PHP programming forum. Ask questions or help people concerning PHP code. Don't understand a function? Need help implementing a class? Don't understand a class? Here is where to ask. Remember to do your homework!
Why are you using mysql_real_escape_string() when you're not putting the data in MySQL (from what we see)? That will add backslashes all over the place.
you know, it is! so i took it out, no commas anymore, thanks.
also, i looked through the mail documentation, and found that i should be using str_replace(); instead of nl2br();
$var wrote:you know, it is! so i took it out, no commas anymore, thanks.
also, i looked through the mail documentation, and found that i should be using str_replace(); instead of nl2br();
That str_replace() simply prevents injection attacks because a dot on a line by itself terminates the SMTP DATA process and fires the message. Dots at the start of an exisiting line are stripped so ".." becomes "." in the final email. You still need nl2br().

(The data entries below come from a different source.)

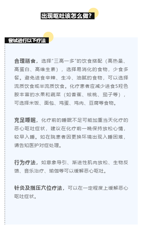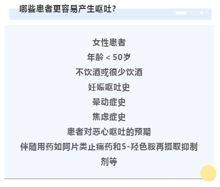 | 化疗是恶性肿瘤的重要治疗手段,化疗所致恶心呕吐在众多胃肠道反应中最为常见。恶心呕吐症状会导致患者食欲下降,进食量减少,体重减轻,重度呕吐可使病人出现水、电解质、酸碱平衡紊乱,影响化疗的继续进行。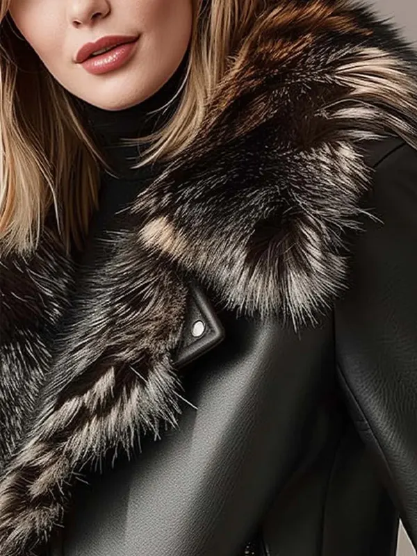 Blending faux-leather exterior with soft faux-fur lining, this jacket delivers both cozy warmth and refined style. The smooth outer finish keeps it polished while the plush interior protects against chilly weather. Ideal for autumn-winter days, casual brunches, or evening strolls, a smart way to stay warm and fashionable.
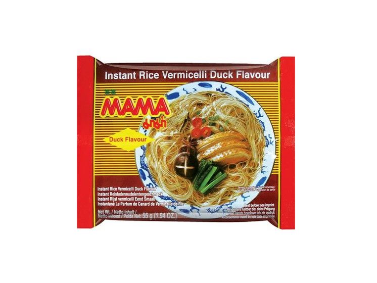 Mama Instant Rice Vermicelli Duck är ett populärt mellanmål i Thailand och andra delar av Sydostasien. Den är uppskattad för sin bekvämlighet och den smakrika buljongen.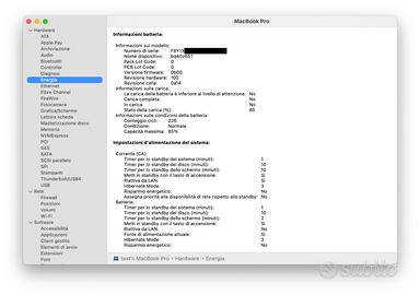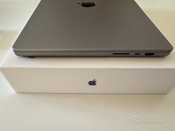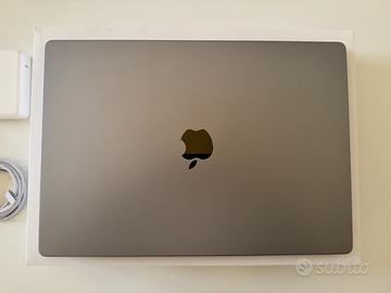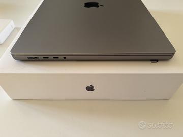 Chip: Apple M1 Pro — CPU 10 core (8 performance + 2 efficiency), GPU 16 core, Neural Engine 16 core Memoria unificata: 16 GB (200 GB/s di bandwidth) Storage: 512 GB SSD NVMe (configurabile) Display: 16,2" Liquid Retina XDR — 3456×2234 px a 254 ppi — ProMotion 120Hz — True Tone — 1 miliardo di colori — 1600 nit peak Fotocamera: FaceTime HD 1080p Audio: Sistema a 6 altoparlanti con woofer force-cancelling, array microfoni studio Connettività: Wi-Fi 6 (802.11ax) — Bluetooth 5.0 Porte: MagSafe 3 · 3× Thunderbolt 4/USB4 (40 Gb/s) · HDMI · slot SDXC · jack 3,5 mm Batteria: 100 Wh — fino a 21 ore di riproduzione video Peso: 2,1 kg — Dimensioni: 35,57 × 24,81 × 1,68 cm Sistema operativo: macOS (aggiornabile fino all'ultima versione disponibile) Condizioni: Ottime Alimentatore: incluso Cavo alimentazione: incluso Scatola originale: inclusa Cicli batteria: vedi foto

i think it's all working properly.
i need to find out more about these injection attacks, they sound dangerous, and violating.
should i leave the str_replace in?
$var wrote:i think it's all working properly.
i need to find out more about these injection attacks, they sound dangerous, and violating.
should i leave the str_replace in?
Yes leave it in. Allowing dots is less dangerous than allowing any of [<>;\r\n] in headers. It simply gives someone the opportunity to cut the communication with the MTA short. It may also be completely harmless on some linux servers depending upon the sendmail_path flags. Better safe than sorry though.